Vicksburg: Grant's Campaign That Broke the Confederacy by Donald L. Miller

May 18, 2024 12:30



The astonishing story of the longest and most decisive military campaign of the Civil War in Vicksburg, Mississippi, which opened the Mississippi River, split the Confederacy, freed tens of thousands of slaves, and made Ulysses S. Grant the most important general of the war.

Vicksburg, Mississippi, was the last stronghold of the Confederacy on the Mississippi River. It prevented the Union from using the river for shipping between the Union-controlled Midwest and New Orleans and the Gulf of Mexico. The Union navy tried to take Vicksburg, which sat on a high bluff overlooking the river, but couldn’t do it. General Grant moved his army south and joined forces with Admiral Porter, but even together they could not come up with a successful plan. At one point Grant even tried to build a canal so that the river could be diverted away from Vicksburg.

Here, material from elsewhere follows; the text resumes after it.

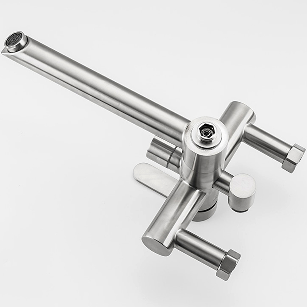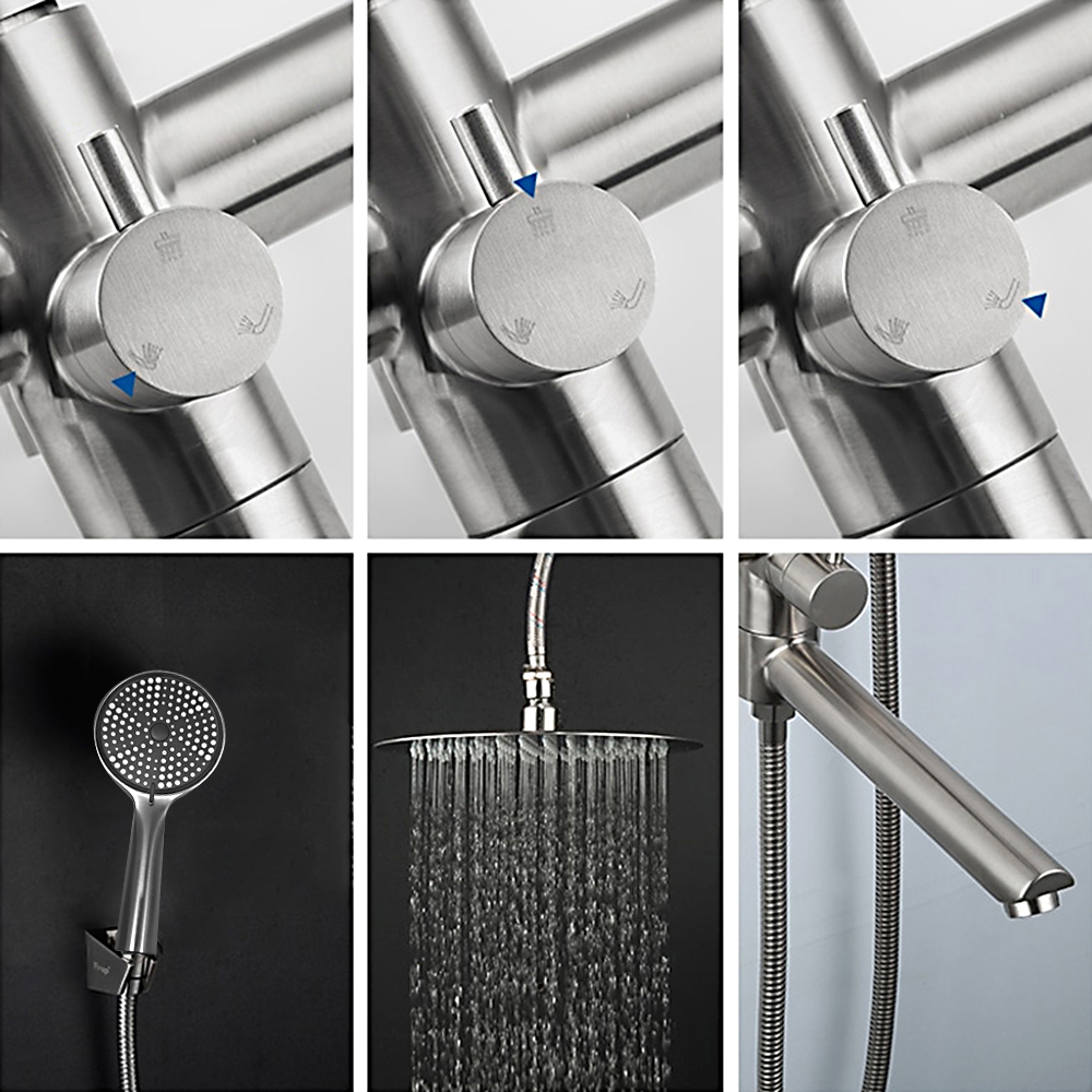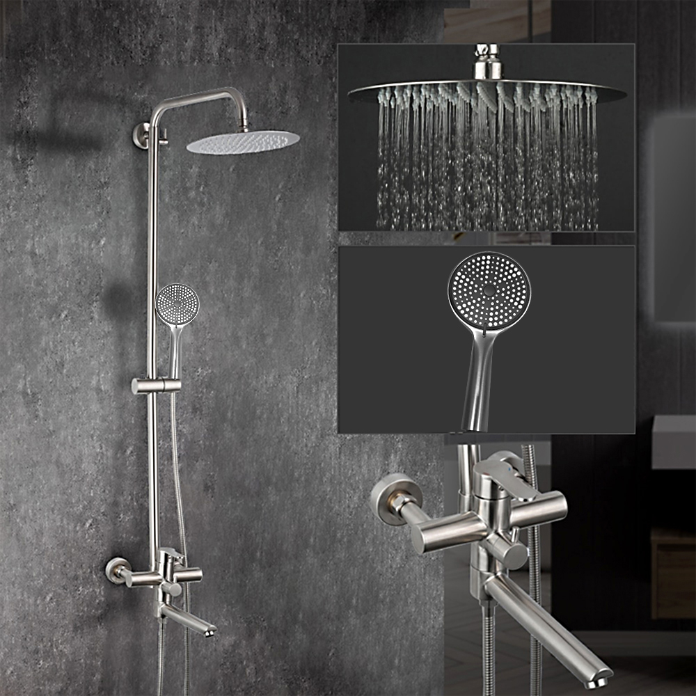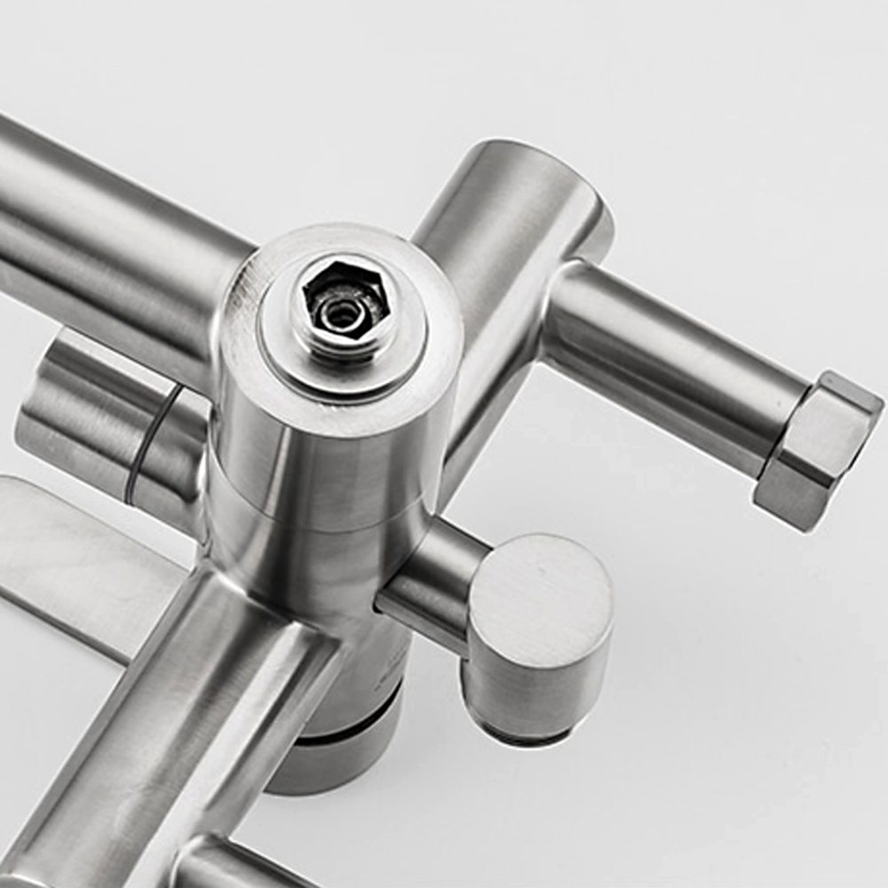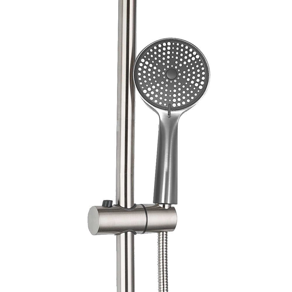 Комплектациясмеситель, душевая стойка, верхний душ, душевая лейка, душевой шланг, держатель для душевой лейки, настенный держатель, отражатели, эксцентрики

In Vicksburg, Donald L. Miller tells the full story of this year-long campaign to win the city. He brings to life all the drama, characters, and significance of Vicksburg, a historic moment that rivals any war story in history. Grant’s efforts repeatedly failed until he found a way to lay siege and force the city to capitulate. In the course of the campaign, tens of thousands of slaves fled to the Union lines, where more than twenty thousand became soldiers, while others seized the plantations they had been forced to work on, destroying the economy of a large part of Mississippi and creating a social revolution.

Ultimately, Vicksburg was the battle that solidified Grant’s reputation as the Union’s most capable general. Today no general would ever be permitted to fail as often as Grant did, but in the end he succeeded in what he himself called the most important battle of the war, the one that all but sealed the fate of the Confederacy.

I’m not sure what kind of message the author was trying to convey. That Grant was a great general who saved the Union? Or that his victory was a drunkard’s plain good luck? Because while he lauds Grant with praises after the victory at Vicksburg, before then he misses no chance to bring up every accusation against Grant regarding his drinking.

Was Grant an alcoholic? If so, Miller doesn’t seem to understand what makes an alcoholic and how stopping overnight is something rarely, if ever, done. Yet Miller takes none of that into consideration, more often than not making it sound as if Grant could have stopped anytime he wanted to. But many historians think that many of the accusations were from those who would have gained from Grant’s removal.

As far as the history of the actual battle (which, going by the title was what I thought was the focus of the book,) there’s plenty of information given. Perhaps a bit too much, as the book focuses on the entire Mississippi campaign. Several other battles are also covered.

Several times Miller writes as if he knows what someone was thinking at the time, or what they actually planned, often going against what that person later wrote. It made it hard to not take anything he wrote without a huge grain of salt.

Yet the book is interesting enough. I only wish the author would have kept his own feelings about Grant and others out of it.





Mount TBR 2024 Book Links

Links are to more information regarding each book or author, not to the review.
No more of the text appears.